The Proposal Review: Why This Rom-Com Still Holds Up

Comedy Romance Drama 2009 ⏱ 1h 48m
TMDB 7.2
Editor 8.2
HomeThe Proposal Review: Why This Rom-Com Still Holds Up
DirectorAnne Fletcher
Year2009
Runtime1h 48m
LanguageEnglish (EN)
GenreComedy, Romance, Drama

The Proposal backdrop
The Proposal poster

Movie Overview

Margaret Tate (Sandra Bullock) is the kind of boss who memorizes her assistant's coffee order just to weaponize it. When her visa status threatens deportation, she blackmails Andrew (Ryan Reynolds) into a fake engagement. What starts as a transactional lie—the Alaskan family visit from hell—becomes something unexpectedly tender. I wasn't expecting much, but the way Margaret's armor cracks around Andrew's grandmother (Betty White) got me.

The film's middle section in Sitka, Alaska is where the magic happens. Andrew's family sees right through Margaret, yet welcomes her anyway—a twist I found genuinely surprising. That scene where she participates in the naked male bonding ritual? It shouldn't work, but Bullock's deadpan delivery sells it.

By the third act, you know exactly where this is headed. What stayed with me after the credits wasn't the predictable ending, but how earnestly the film believes in its own fairy tale. The Proposal knows it's not reinventing the wheel, and that self-awareness makes all the difference.

Direction & Cinematography

Anne Fletcher (Step Up, 27 Dresses) directs with a light touch that serves the material well. What surprised me most was how she frames Margaret's office scenes—tight shots that make the space feel like a gilded cage, contrasting with the wide, messy beauty of Alaska.

But the real triumph is the pacing. Fletcher lets quiet moments breathe, like when Margaret reads Andrew's childhood essays alone in his room. That scene could've been saccharine, but the restrained direction makes it land.

I'll admit I didn't expect such confident visual storytelling in what's essentially a studio rom-com. The way Fletcher stages the final airport sequence—blocking the extras to create natural obstacles—shows real craft beneath the fluff.

Cast & Performances

Sandra Bullock does her best Meryl Streep impression in the early scenes, all clipped consonants and frozen smiles. Watch how her posture changes when Margaret gets drunk—the way her shoulders slump tells you everything about the character's loneliness.

Ryan Reynolds brings surprising depth to what could've been a thankless straight man role. His reaction when Margaret first proposes—that microsecond of stunned silence before the sarcasm kicks in—is perfect.

Betty White steals every scene as Grandma Annie, though I wish the script gave Malin Åkerman more to do as Andrew's ex. Her one big scene at the bonfire party feels tacked on, like the writers forgot about her until the last minute.

Character Psychology

Margaret wants control—over her career, her image, even Andrew's coffee orders. What she needs is to be seen without her professional armor.
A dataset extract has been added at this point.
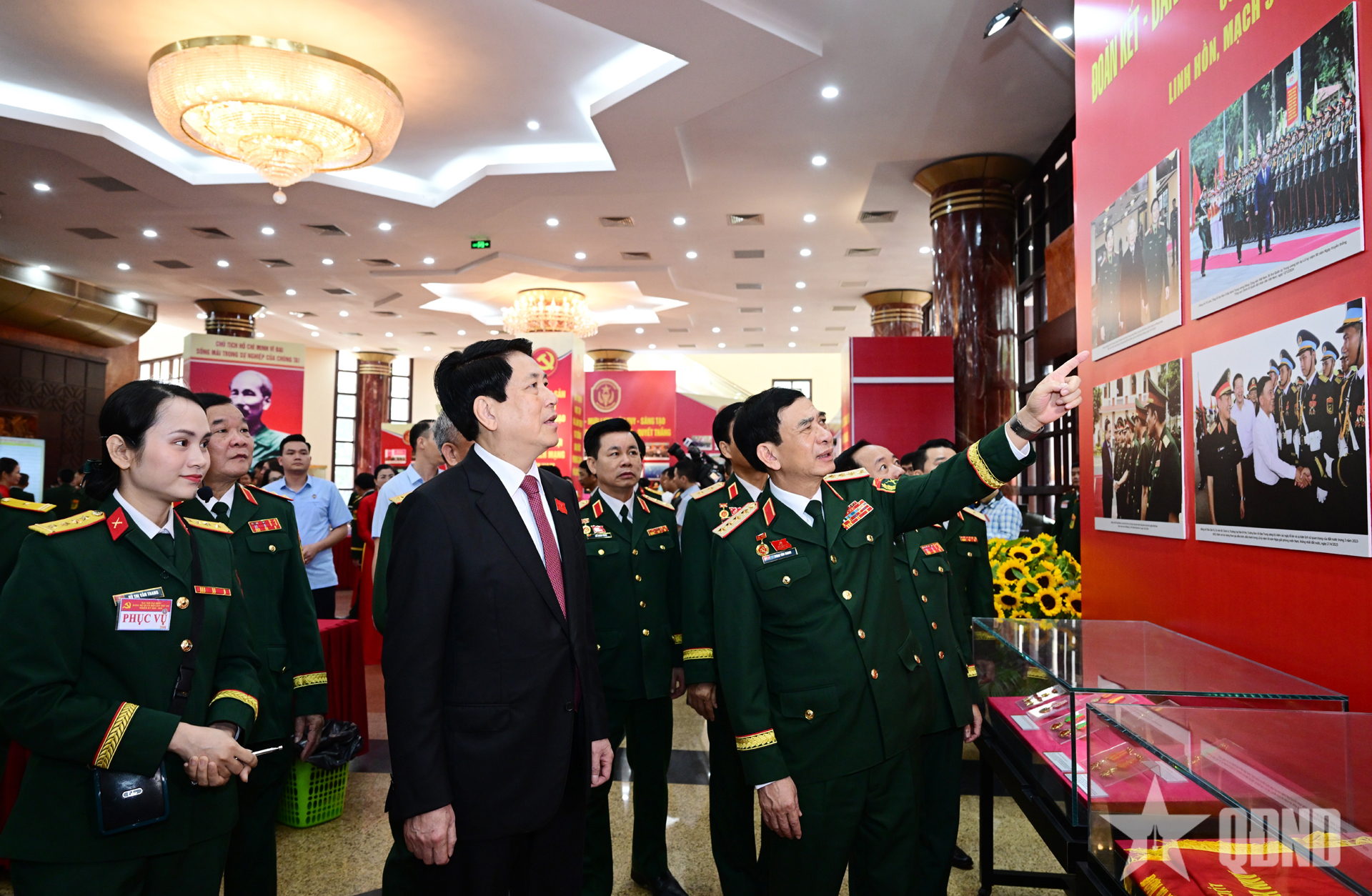 Chủ tịch nước Lương Cường và các đại biểu tham quan gian trưng bày phục vụ Đại hội trước buổi làm việc. (Ảnh: QĐND)

The moment she realizes this comes during that quiet scene with Andrew's father (Craig T. Nelson), where he recognizes her ambition without judging it.

Andrew's arc is simpler but no less effective. He thinks he wants escape from his family legacy, but the Alaska scenes reveal how much he's always belonged there. Their growth feels mutual rather than transactional—a rarity for the genre.

Themes & Emotional Depth

The Proposal is ultimately about the masks we wear to survive versus who we are when we're safe. Margaret's entire persona is corporate defense mechanism, while Andrew plays the put-upon assistant to avoid confronting his own potential.
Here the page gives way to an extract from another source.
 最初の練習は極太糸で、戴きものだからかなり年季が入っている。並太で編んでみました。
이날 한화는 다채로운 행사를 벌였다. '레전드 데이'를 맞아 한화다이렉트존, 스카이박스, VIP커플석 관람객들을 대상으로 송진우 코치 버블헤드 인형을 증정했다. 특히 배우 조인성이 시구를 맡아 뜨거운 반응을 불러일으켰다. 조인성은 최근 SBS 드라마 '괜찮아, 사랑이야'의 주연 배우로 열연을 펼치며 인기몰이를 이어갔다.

That scene where they improvise their 'how we met' story at dinner captures the film's heart. Their lies accidentally reveal truths—Margaret describing Andrew's kindness, him remembering her laugh. It's a rom-com trope executed with rare authenticity.

Memorable Scenes & Dialogue

1) The naked collision scene: Reynolds' full-frontal dive into a table is played for laughs, but Bullock's horrified/amused reaction makes it. The timing is flawless physical comedy.
2) Betty White's 'dance around the fire' ritual: A ridiculous moment that becomes weirdly moving because White commits completely to the absurdity.
3) The bookstore confession: Margaret admitting she reads Andrew's writing is the first time we see her genuinely vulnerable. Bullock lets the character's voice actually waver—a small but powerful choice.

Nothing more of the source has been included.